Table III summarises the radiological findings. Pre-operative radiographs showed evidence of implant loosening in 31 elbows. Only three radiologically loose implants had been fixed with cement (Fig. 1), whereas the remaining loose implants were uncemented (Fig. 2). Of the 28 loose uncemented implants, 11 had been specifically designed to be placed loose in the intramedullary canal of the radius (Fig. 3). Signs of instability were found in 11 elbows (11 patients). There was subluxation in the radial head in five (Figs 2 and 4), a complete dislocation in three, and dissociation of the radial head from the stem in three (Fig. 5). There were radiological signs of overlengthening and joint over-stuffing in 11 elbows (Fig. 6). These findings were confirmed at surgery. However, there was no significant difference in the range of flexion, extension, pronation and supination between patients in whom the radiocapitellar joint was over-stuffed and those where the prosthesis was of the correct length (student t-test; flexion p = 0.38, extension p = 0.45, pronation p = 0.79, supination p = 0.65).
Further procedures.
In 17 patients the radial head replacement was removed and not replaced. The radial head component from a bipolar prosthesis which had become dissociated from the stem was removed in one patient, leaving the stem in place (Fig. 6). In 23 patients (24 elbows) the radial head replacement was removed and replaced. In 17 patients (18 elbows) the revision stem was cemented into place. A bipolar design was used in 17 patients (17 elbows). In two patients (two elbows) only the radial head component of a bipolar design was replaced, and the stem was left in situ. In one of these the metal radial head was replaced with a polyethylene component and a capitellar replacement was inserted at the same time. In the other patient (one elbow), the radial head component was replaced because of dissociation of this component from the stem. In three patients (three elbows) the radial head was removed and a total elbow replacement was implanted. These three patients (three elbows) are not included in the data in Table IV. Severe erosion of the articular cartilage of the capitellum was noted at the time of further operation in 18 patients (20 elbows).
Effect on failure of the design and the timing of the index replacement of the radial head.
The clinical, radiological and pre-operative findings are shown in Tables IV and V. The radial head was replaced for osteoarthritis in one patient (one elbow) and for rheumatoid arthritis in another. These two patients were not included in the data in Tables IV and V. We found no significant difference for flexion, extension, pronation and supination excursion between designs (p > 0.05).

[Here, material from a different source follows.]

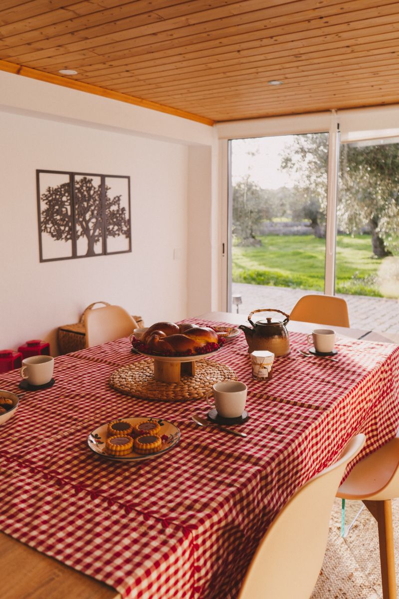 Um espaço luminoso e confortável, pensado para refeições tranquilas em família ou entre amigos. A mesa ampla, integrada na sala, convida a momentos de partilha, sempre com vista para o exterior e para a serenidade da Atalaia do Campo.

Bipolar implants had been inserted at a significantly longer interval after trauma than the loose stem unipolar designs (p = 0.037). There was no significant difference in this interval between the loose-stem unipolar and the fixed-stem unipolar, nor between the fixed-stem unipolar and the fixed stem bipolar designs. There were no significant differences between designs for time to failure or osteoarthritis scores (p > 0.05). Loosening was less common in fixed-stem bipolar implants. Five of eight fixed-stem bipolar implants had been cemented in place, and three were uncemented. Both loose fixed-stem bipolar implants had been implanted without cement. Radiocapitellar subluxation did not occur in any of the bipolar implants, but capitellar erosion was more prevalent in this group. Relatively more bipolar prostheses were used in reconstructive procedures delayed more than six weeks after trauma. The difference in the radiological osteoarthritis score was significant between patients who had acute implantation (less than one week) of the radial head replacement and those who had delayed implantation (more than six weeks) (p = 0.03). We also found a significantly increased fixed-flexion deformity in patients in whom the radial head had been implanted at between one to six weeks, compared to acutely (p = 0.03). Over-lengthening, radial head subluxation, component dissociation and instability all occurred more often in the one- to six-week group. Capitellar erosion occurred more often when the implant was inserted more than six weeks after trauma.
Discussion
Replacement arthroplasty of the head of the radius is commonly used in the treatment of radiocapitellar disorders. However, there is little published information regarding the complications and rate of revision of this procedure.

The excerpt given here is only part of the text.